Steam and Sand Porirua Ltd has the largest blast booth in the country for its steel grit operation, the grit is filtered, cleaned, and reused a number of times.
Existing surfaces are removed (mill scale, rust, paint, etc) and a surface profile is formed to suit the finish to be applied by blasting with high pressure air and a blasting medium. It is very important that this surface profile is correct to provide the necessary anchor to achieve the durability of the subsequent finishes.
The most used blast mediums are garnet, a naturally occurring completely inert material that is imported for the purpose, steel shot in different configurations (size, crushed as grit, etc) and crushed glass. Garnet and glass can generally be used in an open environment, steel grit is used in a closed environment, generally a blast booth.
Sand blasting is a process of the past - sand is no longer used, it contains silica and is a danger to the health and to the environment.
There are four main types of blasting media that can be used.

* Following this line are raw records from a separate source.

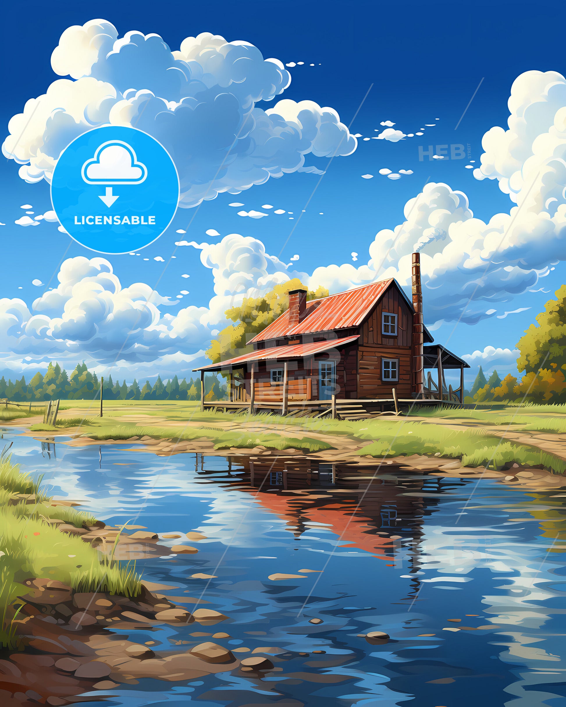 Assen, Drenthe, Netherlands, Skyline. art painting with blue sky some bright clouds in spring. in style of classic advertising illustration with nice gradients. Nice strokes and outlines that captures the playful spirit and vivid imagination of modern art.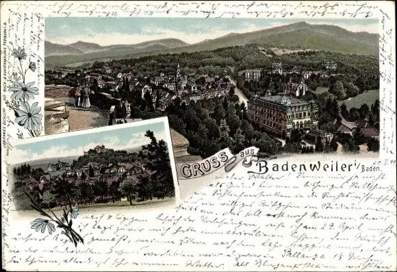 Litho Badenweiler im Schwarzwald, Totalansicht der Ortschaft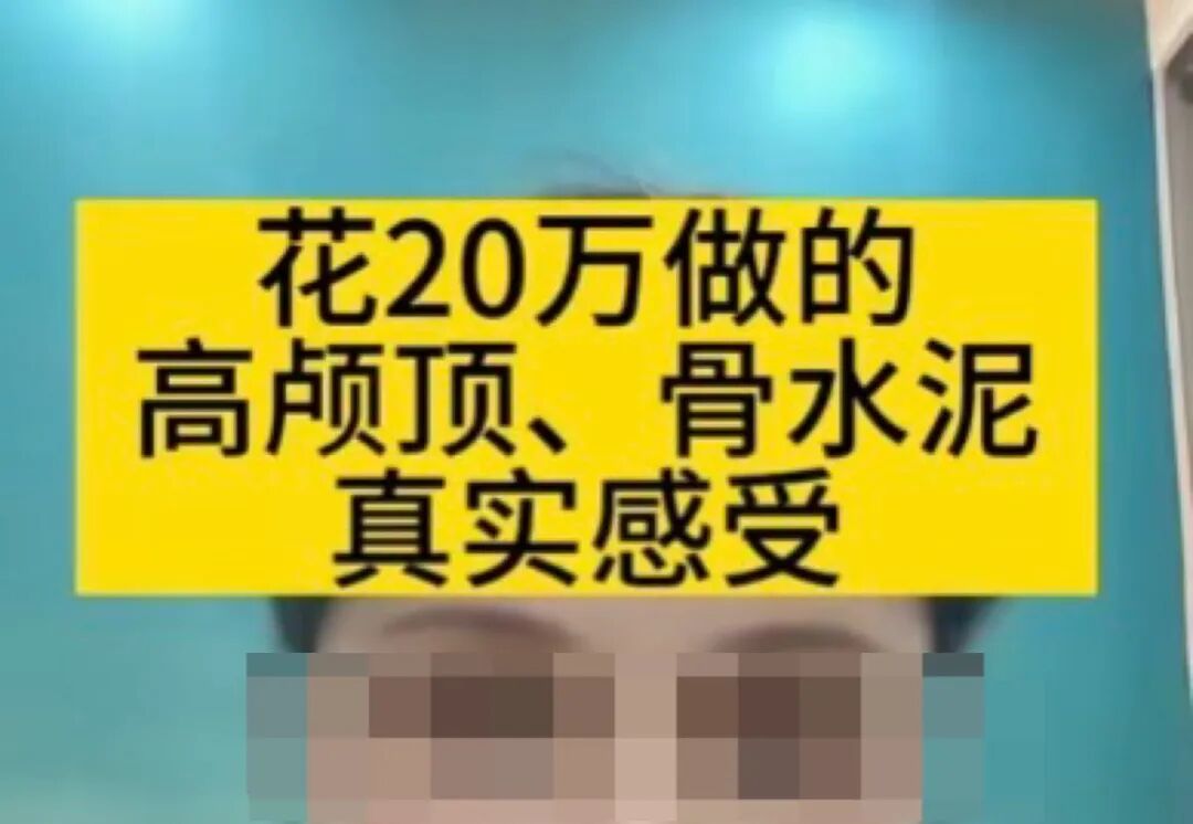 还有一位求美者在社交媒体上发布视频表示,自己在 20 年前第一次接受骨水泥填充后头部出现了明显的畸形,此后又反复填充修复了 2 次结果都不满意,前后花了 20 万,但填充后头顶经常会有很强的异物感,经常偏头痛、脱发,这些 TA 都经历过。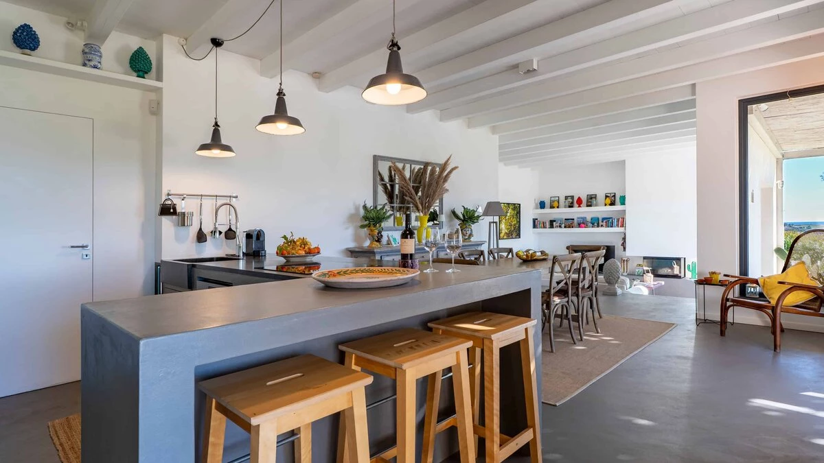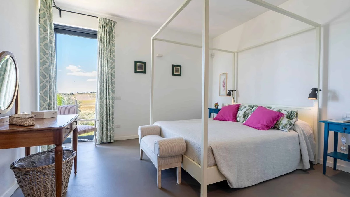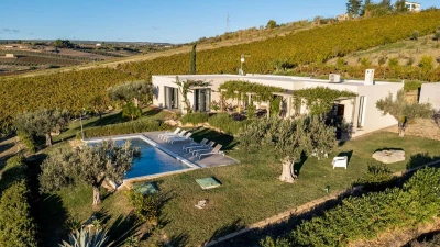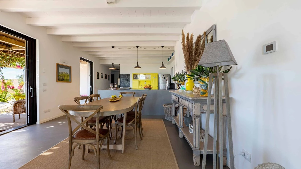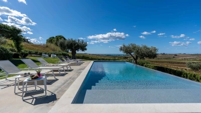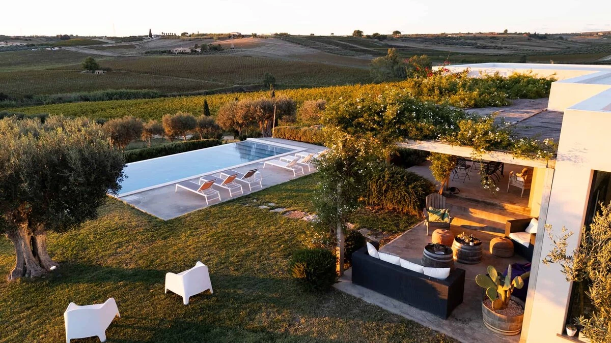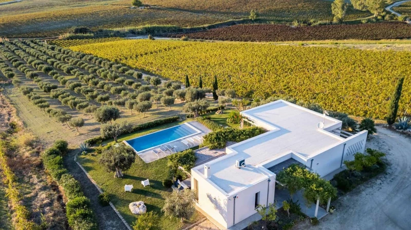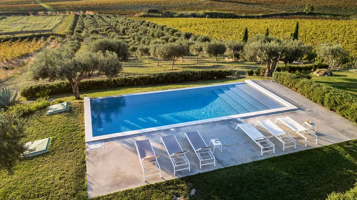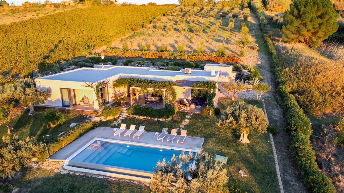 Surrounded by long rows of vineyards and olive trees, Villa La Solette enjoys a distinctive position in the Menfi countryside, offering a refined blend of contemporary comfort and classic Mediterranean style.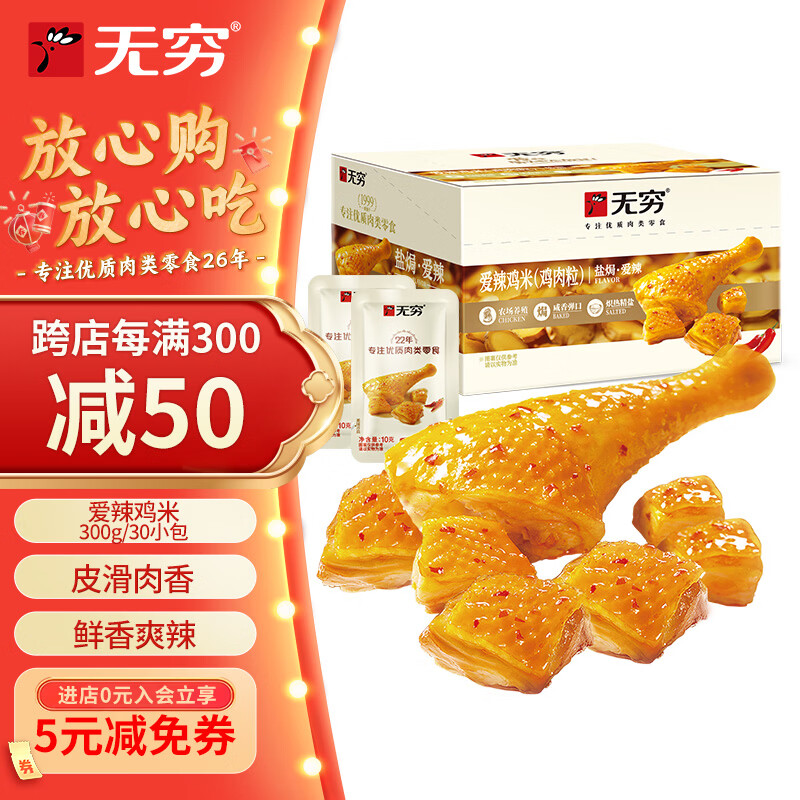 无穷 肉干肉脯即食香辣下酒小零食爱辣鸡米300g/盒共30小包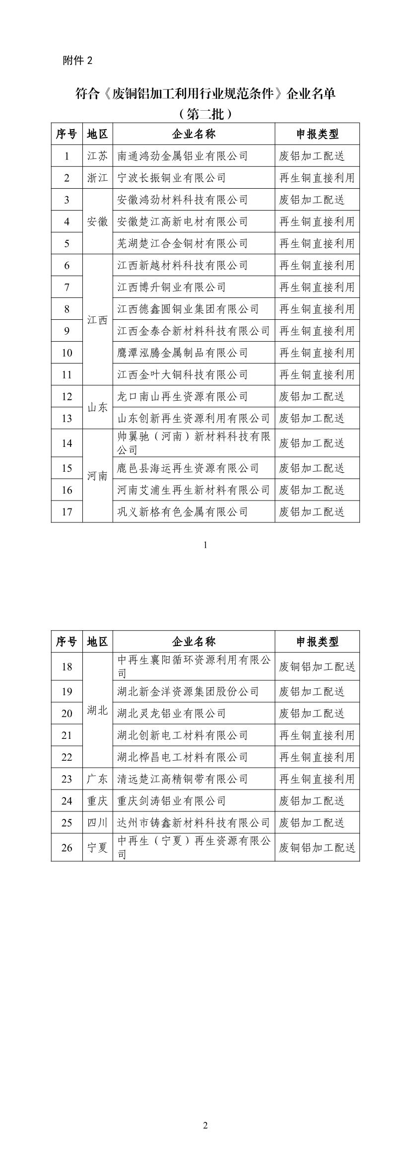 2. 符合《废铜铝加工利用行业规范条件》企业名单(第二批)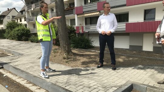 Um die jeweiligen Bäume ist eine Umgehung gebaut worden: Bei einem Termin in der Josef-Hardt-Straße in Bad Bodendorf erläuterte Sofia Lunnebach, Geschäftsführerin der Sinziger Gesellschaft für Entwicklung, Wiederaufbau und Innovation (Gewi), wie die Straße wiederaufgebaut worden und was noch zu machen ist. Foto: Silke Müller Silke Müller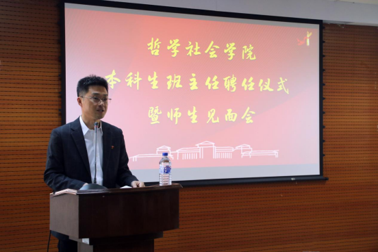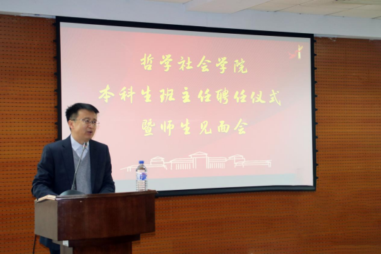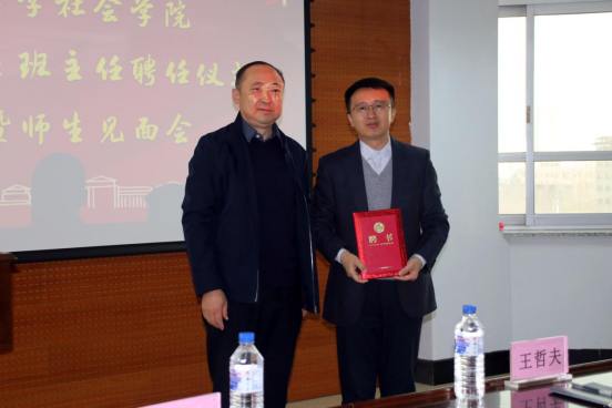 首先,刘培强老师宣读聘任决定,聘任王哲夫老师为太阳成集团tyc122cc2021级社会学类2班班主任,党委书记李佰志老师为王哲夫老师颁发了聘书。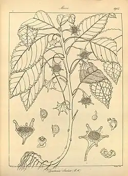 - ^ Zhang, Shu-dong; Soltis, Douglas E.; Yang, Yang; Li, De-zhu; Yi, Ting-shuang (2011). "Multi-gene analysis provides a well-supported phylogeny of Rosales". Molecular Phylogenetics and Evolution. 60 (1): 21–28. Bibcode:2011MolPE..60...21Z. doi:10.1016/j.ympev.2011.04.008. ISSN 1055-7903. PMID 21540119.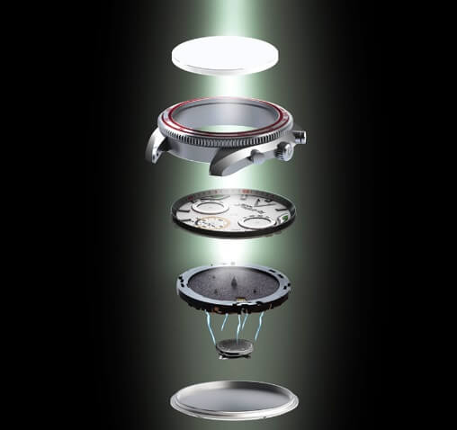 Часы работают на солнечной энергии. Под циферблатом находится солнечная панель из аморфного кремния, которая преобразует свет в электрическую энергию и накапливает энергию во вторичной батарее (аккумуляторе).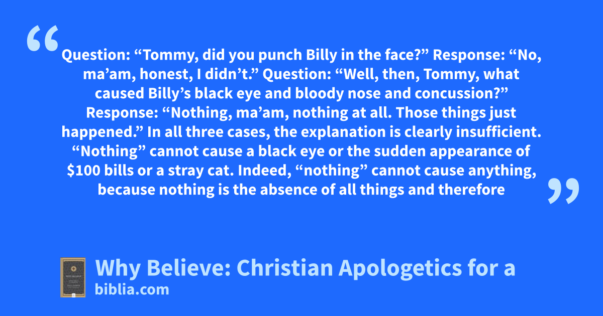 Question: “Tommy, did you punch Billy in the face?” Response: “No, ma’am, honest, I didn’t.” Question: “Well, then, Tommy, what caused Billy’s black eye and bloody nose and concussion?” Response: “Nothing, ma’am, nothing at all. Those things just happened.” In all three cases, the explanation is clearly insufficient. “Nothing” cannot cause a black eye or the sudden appearance of $100 bills or a stray cat. Indeed, “nothing” cannot cause anything, because nothing is the absence of all things and therefore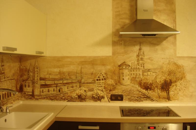 Здесь не рекомендуется размещать элементы росписи вблизи плиты, ведь исходящий жар может испортить художественную работу. Для кухни подходят различные натюрморты, ветки деревьев с плодами, например, оливковые, яблочные, виноградные, лимонные. Также помещение можно украсить скандинавскими узорами или этническими орнаментами.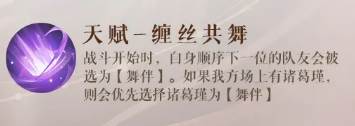 天赋“缠丝共舞”诸葛诞会根据场上的队友顺序,选择一位作为舞伴。而有意思的是,如果场上有诸葛瑾,他将优先选择自己哥哥作为舞伴。这一设计,也给诸葛兄弟的组合提供了更多的战术选择,能够迅速提升整体作战效率。

Garnet is a blasting media free from silica and iron particles, which can be sourced from either India or Australia.
Garnet would generally be used for mobile or onsite applications as it has lower dust levels than iron sand. Garnet is the main blasting media we use for onsite applications.
Grit is finely crushed ball bearings which gives the steel the blast profile needed for paint to adhere to the surface. Grit can not be used on anything that has a magnetic force such as alternators etc.
Glass Bead is used when a fine surface finish is required - such as restoration of cars or sculptures.
Shot is a ball bearing like blasting media, very small in size - .04mm to 1.4mm. It is very popular with recycling units as it can be reused 40 to 50 times. As with grit, shot can not be used with anything that has a magnetic force either.
Iron sand is a traditional blasting media normally found on beaches around New Zealand, but due to recent studies has been found to be harmful to operators of blasting equipment. We no longer use this media because of this reason.